**Task**
For the records below, print the lines from the line with "2025年2月,上海电视电子" through the line with "이 기술의 핵심은 '특징" exactly as written; include both end lines and exclude the rest.

**Records shown**
=====

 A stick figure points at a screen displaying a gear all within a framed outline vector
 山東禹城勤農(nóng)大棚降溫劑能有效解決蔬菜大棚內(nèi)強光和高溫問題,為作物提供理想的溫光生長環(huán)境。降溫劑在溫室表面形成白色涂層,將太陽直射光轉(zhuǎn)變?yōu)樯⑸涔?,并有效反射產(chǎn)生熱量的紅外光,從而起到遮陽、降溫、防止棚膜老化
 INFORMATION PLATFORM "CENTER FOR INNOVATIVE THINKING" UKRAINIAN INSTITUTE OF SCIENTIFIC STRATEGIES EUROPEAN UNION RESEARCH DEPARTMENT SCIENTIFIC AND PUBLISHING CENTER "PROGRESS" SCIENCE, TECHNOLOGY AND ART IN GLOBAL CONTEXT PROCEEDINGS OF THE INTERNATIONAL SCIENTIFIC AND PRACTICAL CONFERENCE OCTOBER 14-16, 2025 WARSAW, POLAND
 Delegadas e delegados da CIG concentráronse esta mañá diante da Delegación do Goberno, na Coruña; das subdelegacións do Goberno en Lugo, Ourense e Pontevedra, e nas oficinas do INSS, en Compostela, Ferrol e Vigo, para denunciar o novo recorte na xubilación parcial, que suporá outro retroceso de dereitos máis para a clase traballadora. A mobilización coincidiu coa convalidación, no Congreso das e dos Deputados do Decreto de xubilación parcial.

=====

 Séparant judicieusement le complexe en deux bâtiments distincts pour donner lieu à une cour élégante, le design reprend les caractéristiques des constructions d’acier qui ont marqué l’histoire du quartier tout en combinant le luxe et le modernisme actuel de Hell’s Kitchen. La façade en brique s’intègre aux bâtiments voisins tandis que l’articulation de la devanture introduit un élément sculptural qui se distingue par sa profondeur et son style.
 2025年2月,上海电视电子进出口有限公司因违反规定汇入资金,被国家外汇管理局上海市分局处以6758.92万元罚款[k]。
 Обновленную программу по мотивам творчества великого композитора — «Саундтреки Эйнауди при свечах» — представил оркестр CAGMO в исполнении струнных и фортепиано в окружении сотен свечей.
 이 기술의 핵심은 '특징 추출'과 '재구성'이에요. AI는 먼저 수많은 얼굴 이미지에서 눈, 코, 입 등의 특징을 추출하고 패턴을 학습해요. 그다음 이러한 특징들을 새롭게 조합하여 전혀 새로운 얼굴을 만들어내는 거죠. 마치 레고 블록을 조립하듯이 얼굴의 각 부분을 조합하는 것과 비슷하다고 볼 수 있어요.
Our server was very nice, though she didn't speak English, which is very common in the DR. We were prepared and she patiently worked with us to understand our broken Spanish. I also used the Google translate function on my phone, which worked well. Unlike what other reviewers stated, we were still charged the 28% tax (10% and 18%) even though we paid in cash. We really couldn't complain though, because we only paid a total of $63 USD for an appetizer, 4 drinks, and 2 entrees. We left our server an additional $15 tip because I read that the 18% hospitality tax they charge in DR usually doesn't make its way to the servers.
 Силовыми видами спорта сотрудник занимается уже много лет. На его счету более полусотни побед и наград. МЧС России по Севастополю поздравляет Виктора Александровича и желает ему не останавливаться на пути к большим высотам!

=====

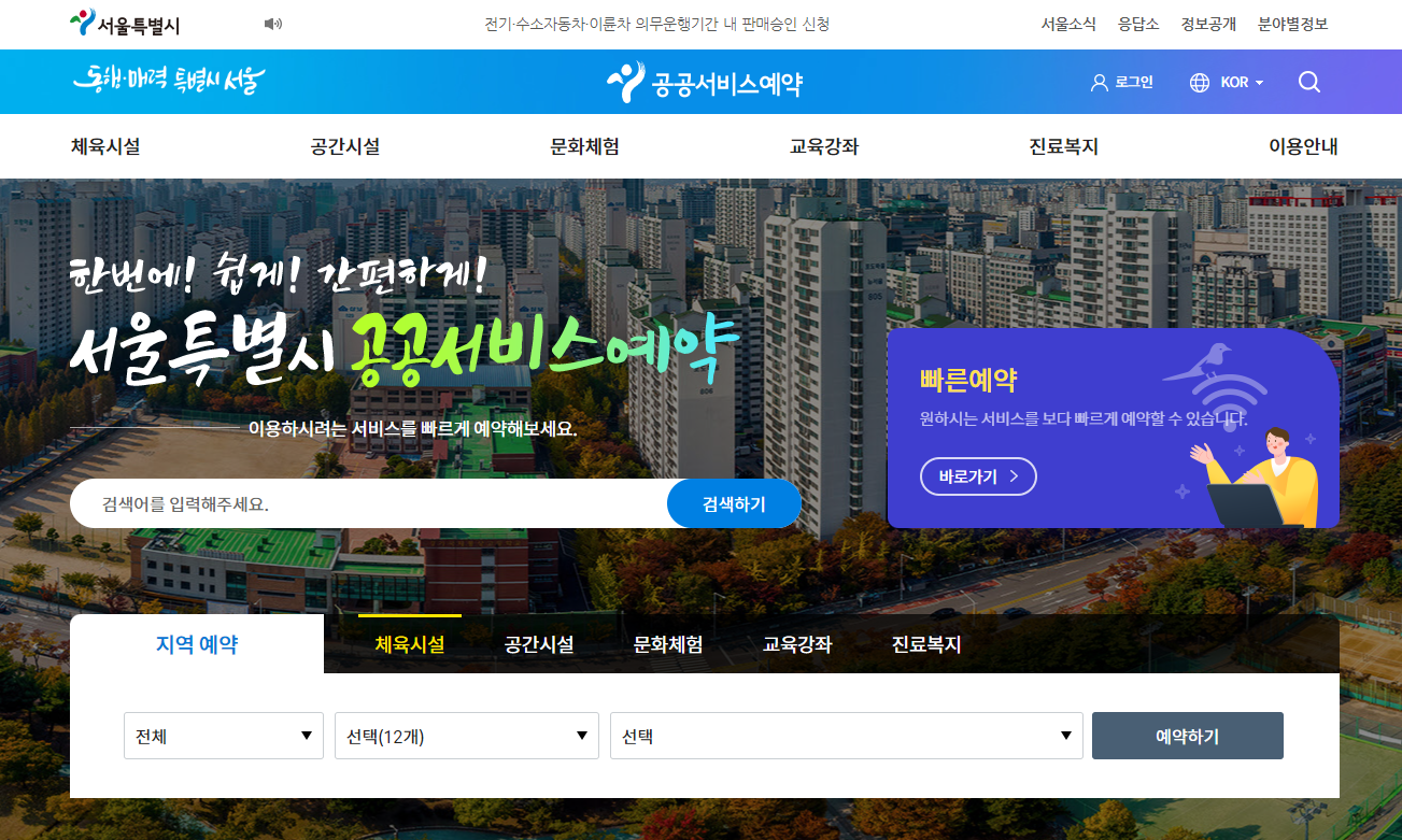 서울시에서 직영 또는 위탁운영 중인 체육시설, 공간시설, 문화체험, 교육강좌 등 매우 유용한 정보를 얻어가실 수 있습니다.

=====

**Result for this exercise**
 2025年2月,上海电视电子进出口有限公司因违反规定汇入资金,被国家外汇管理局上海市分局处以6758.92万元罚款[k]。
 Обновленную программу по мотивам творчества великого композитора — «Саундтреки Эйнауди при свечах» — представил оркестр CAGMO в исполнении струнных и фортепиано в окружении сотен свечей.
 이 기술의 핵심은 '특징 추출'과 '재구성'이에요. AI는 먼저 수많은 얼굴 이미지에서 눈, 코, 입 등의 특징을 추출하고 패턴을 학습해요. 그다음 이러한 특징들을 새롭게 조합하여 전혀 새로운 얼굴을 만들어내는 거죠. 마치 레고 블록을 조립하듯이 얼굴의 각 부분을 조합하는 것과 비슷하다고 볼 수 있어요.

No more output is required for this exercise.